Place raw datasets under ./data:

data/
  SNLI/snli_1.0_{train,dev,test}.jsonl
  MultiNLI/multinli_1.0_{train,dev_matched,dev_mismatched}.jsonl
  STS-B/{train,dev,test}.tsv
  STS-12/test.tsv
  STS-13/test.tsv
  STS-14/test.tsv
  STS-15/test.tsv
  STS-16/test.tsv
  SICKR/test.tsv
  MR/{train,validation,test}.tsv
  SST-2/{train,dev,test}.tsv

or download via provided script:

python utils/download_data.py --data_dir ./data

Installation

If you see import errors like No module named 'model', install the repo as a package:

pip install -e .

This uses pyproject.toml in the repo root.

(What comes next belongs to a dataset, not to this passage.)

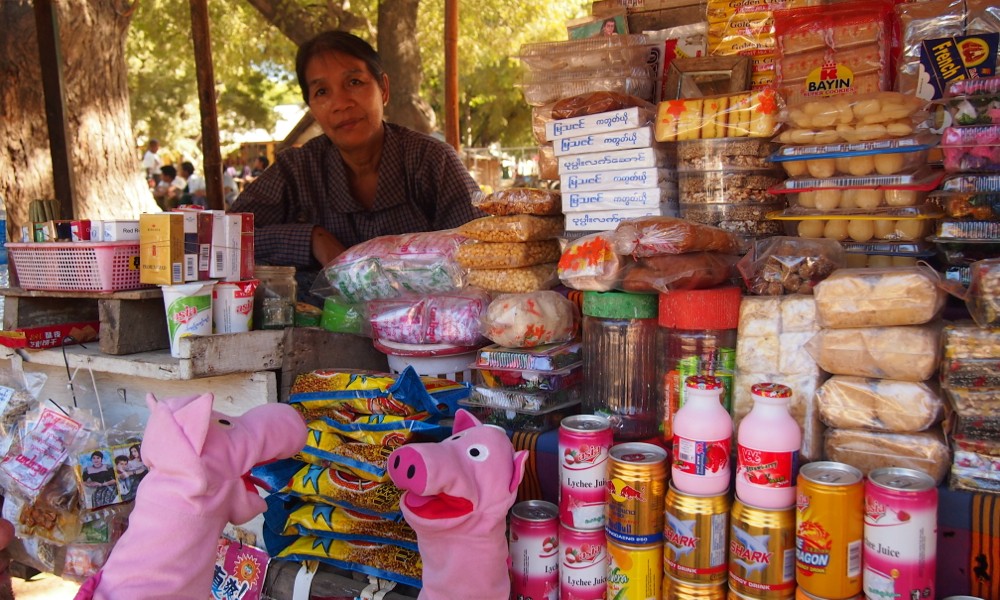 Unterwegs kaufen sie an einem Kiosk Kekse. Die Frau hat vorher noch nie was an Schweine verkauft.

Install Python dependencies:

pip install -r requirements.txt

Tokenizer note:

Recommended: pre-download a local tokenizer to reduce AutoTokenizer download time.
Optional: if missing, AutoTokenizer will download from Hugging Face.

Train commands

All training hyperparameters used here follow the original SBERT paper.

NLI (SNLI + MultiNLI):

python training/nli/train_nli.py bert-base-uncased \
  --data_dir ./data \
  --datasets SNLI MultiNLI \
  --pooling mean \
  --batch_size 16 \
  --eval_batch_size 32 \
  --epochs 1 \
  --max_length 128 \
  --use_cuda

The first argument (bert-base-uncased) is the encoder model name.
You can change it to any other encoder model name. (In the same way as the STS training command)

STS :

python training/sts/train_sts.py bert-base-uncased \
  --data_dir ./data \
  --train_dataset STS-B \
  --train_split train \
  --eval_dataset STS-B \
  --eval_split validation \
  --test_dataset STS-B \
  --test_split test \
  --pooling mean \
  --batch_size 32 \
  --eval_batch_size 32 \
  --epochs 1 \
  --max_length 128 \
  --use_cuda

STS after NLI checkpoint:

python training/sts/train_sts.py bert-base-uncased \
  --data_dir ./data \
  --train_dataset STS-B \
  --train_split train \
  --eval_dataset STS-B \
  --eval_split validation \
  --test_dataset STS-B \
  --test_split test \
  --pooling mean \
  --batch_size 32 \
  --eval_batch_size 32 \
  --epochs 1 \
  --max_length 128 \
  --use_cuda \
  --start_from_checkpoints path/to/your/checkpoints/best.pkl

Provide a pretrained NLI checkpoint path via --start_from_checkpoints.

SentEval (MR / SST):

python training/mr/train_mr.py bert-base-uncased --data_dir ./data --pooling mean --use_cuda
python training/sst/train_sst.py bert-base-uncased --data_dir ./data --pooling mean --use_cuda

Evaluation command

Evaluate a Jittor SBERT checkpoint on STS benchmarks:

python evaluation/sts/evaluate_sbert.py \
  --checkpoint_path ./checkpoints/best.pkl \
  --base_model bert-base-uncased \
  --datasets all

SBERTJittor usage

Basic usage patterns:

from model.sbert_model import SBERTJittor

# 1) Basic SBERT (mean pooling)
model1 = SBERTJittor("bert-base-uncased", pooling="mean", head_type="none")
print(model1.output_dim)

# 2) RoBERTa SBERT
model2 = SBERTJittor("roberta-base", pooling="mean", head_type="none")
print(model2.output_dim)
print(model2.config.vocab_size, model2.config.max_position_embeddings)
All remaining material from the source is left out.